Tarar acknowledges his home country of Pakistan is “famous for terrorism” and he does not want people coming from there if they want to hurt the U.S. “I love this country more than my life,” he said.
Tarar, who attended law school in the U.S. and owns real estate, has harsh words for Muslims coming to the U.S., saying that the majority have “no concept of democracy”.
He is not fazed by multiple sexual assault allegations against Trump’s nor lewd remarks the candidate made about preying on and groping women. The American people have forgiven Bill Clinton, and they will forgive Donald Trump, according to Tarar.
Those sentiments appear to be in the minority.
Americans are known for having short memories but Muslim female voters Anadolu Agency spoke to want no part of a Trump presidency.
“I can’t wrap my head around the idea that there is a group of Muslims who support Trump’s campaign,” said Hatice Cagla Gunaydin, a 21-year-old Turkish-American international relations major at George Washington University. “I don’t see how Trump’s campaign and sentiments align with Islam’s principles of peace, community, and justice.”
Gunaydin said Clinton has more experience and, despite her shortcomings, is uniquely poised to make her mark. “Although I believe neither candidate is the ideal candidate, it would make me really proud to have voted for the first woman president of the United States,” she said.
For Dalia Fahmy, an analyst and political science professor at Long Island University Brooklyn, the billionaire candidate has already made his mark, but not in a very good way.

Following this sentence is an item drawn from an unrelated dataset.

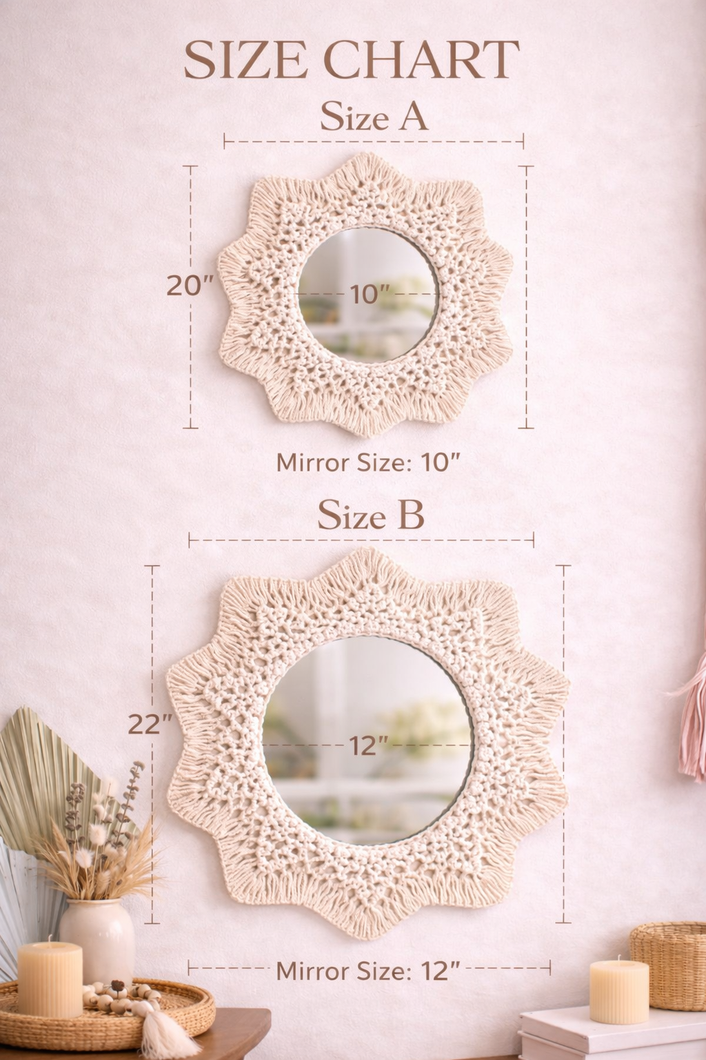 Each mirror is carefully handcrafted using high-quality cotton rope, featuring intricate knot detailing and a beautiful woven frame that enhances its artisanal charm.

“As the Republican candidate for president, what Donald Trump has done to the U.S. as a nation will take a while to reverse or recover from,” she said as she noted that American Muslim women are the second most educated religious minority group in the U.S., behind only Jewish Americans, according to pollster Gallup.

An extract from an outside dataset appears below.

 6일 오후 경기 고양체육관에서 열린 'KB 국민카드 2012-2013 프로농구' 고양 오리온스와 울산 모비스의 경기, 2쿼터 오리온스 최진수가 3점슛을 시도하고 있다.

“While voting is a personal choice, I cannot see myself choosing a candidate that has used xenophobia, racism, sexism, Islamophobia, and Immigration fear mongering to garner support,” she added.
Shabih Aftab, a marketing analyst based in New York, is surprised Trump has been able to make it this far in the race.
“It's amazing to know that there is a vast portion of the American public standing behind Trump and the things he says,” she said. “It takes simply one step back and a sprinkle of decency to see that this election is a mad house. Trump makes me feel unsafe to be a woman in his reign,” she added.